Blimey, Chernobyl is depressing, isn’t it? It’s already a show about a nuclear disaster of unprecedented scale and devastation, which is downbeat enough, but “The Happiness of All Mankind” decides to take things several steps further: Now, amongst another selfless act of human courage, we also have to put up with all the local animals being killed.
It’s unavoidable, obviously. The animals — most of them domesticated pets — are radioactive. And unlike the residents of Pripyat, they can’t be evacuated into the exclusion zone, so they have to be hunted and shot and buried under concrete. Fun!
And that’s not even the worst of it. The big issue in “The Happiness of All Mankind” is that the nuclear plant’s roof is covered in extremely radioactive rubble, which needs to be removed. But, as Legasov (Jared Harris) cheerfully explains, if humans were to go up there, even in full protective gear, they’d reduce their life expectancy by half after just two minutes of exposure and be dead in months after three. The decision is made to instead use lunar robots, specifically one gifted from West Germany, but that goes badly wrong because of — all together now — the Soviet Union telling outright lies in an ill-advised attempt to save face. Military men are instead sent to clear the rubble in extraordinarily dangerous 90-second shifts.
As has been the case throughout this miniseries, Soviet doublespeak and political posturing is a huge roadblock in “The Happiness of All Mankind”, especially for Ulana Knomyuk (Emily Watson), who is trying to get to the bottom of what caused the reactor meltdown in the first place. But “there is no truth”, after all, except I suppose whatever the State insists the truth is. In a lot of ways, since the very beginning of the premiere episode, Legasov has been grappling with that idea. When Knomyuk comes to him in this episode and concludes that he is partly complicit in the oversight that allowed for this mess to happen, she urges him to side with the truth, and not with the Soviet Union. Boris Shcherbina (Stellan Skarsgard), naturally, would like just the opposite.

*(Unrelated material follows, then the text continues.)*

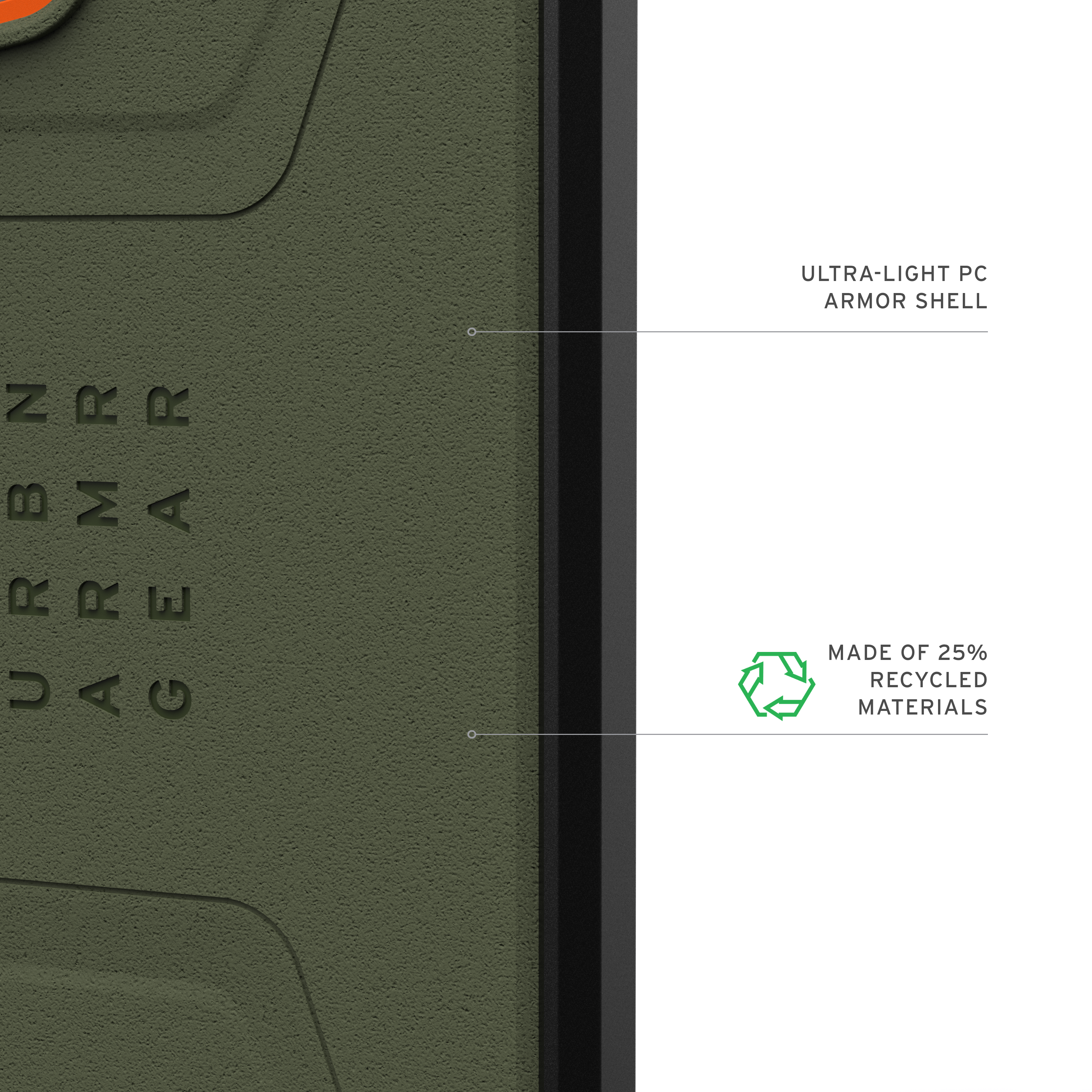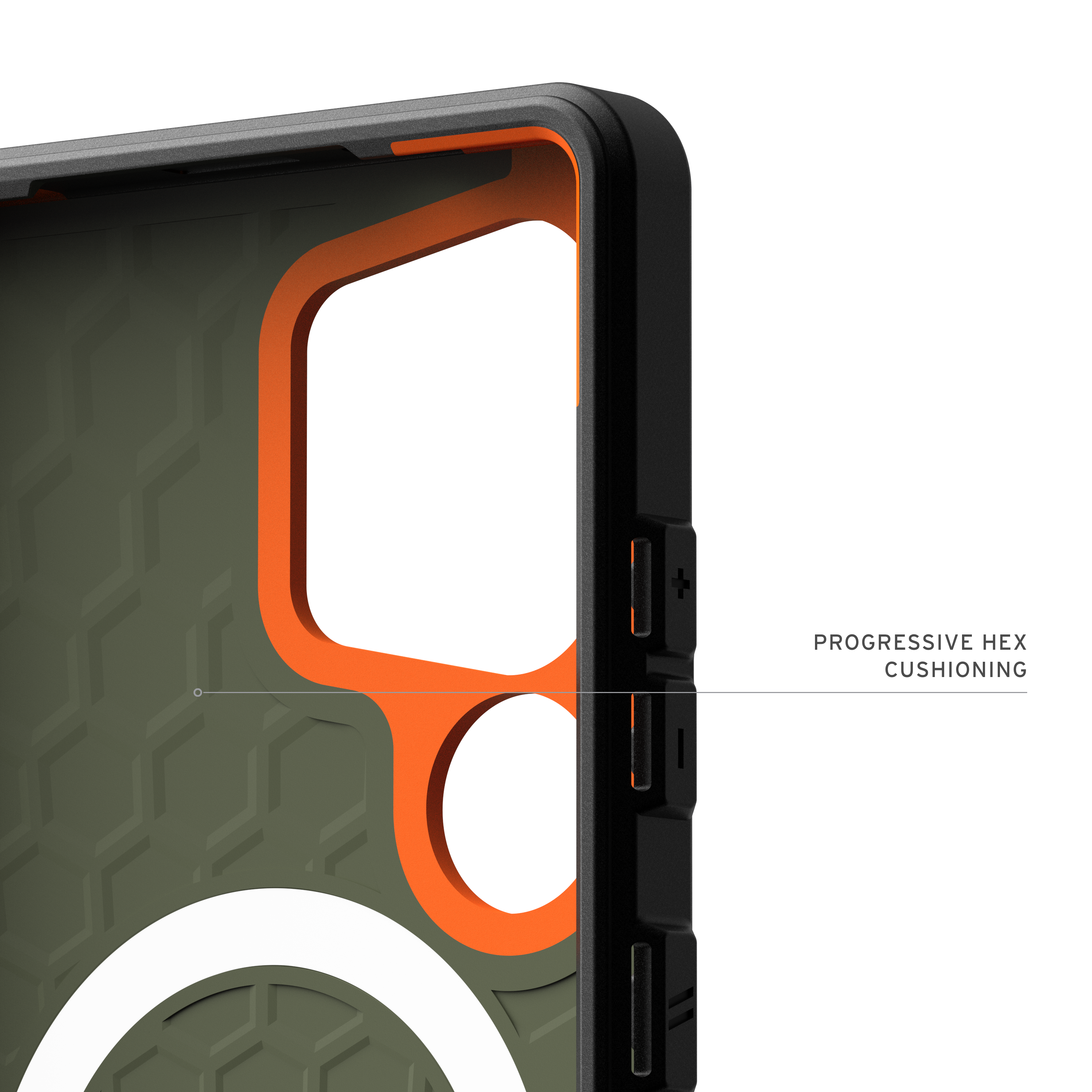 - Hypercush™‑Aufprallschutz: Entwickelt, um Stöße beim Aufprall vom Gerät weg zu leiten und zu dämpfen.

With one episode left, we know there’s no happy ending to be had here. But what constitutes “happy” in a story like this? Is it the glossy, Hollywood version that we’re used to, in which everyone survives and lives happily ever after, or is the reality of humanity and devotion to the truth, at all costs, the happiest thing we can hope for? If I were a betting man, I know where I’d be laying my money.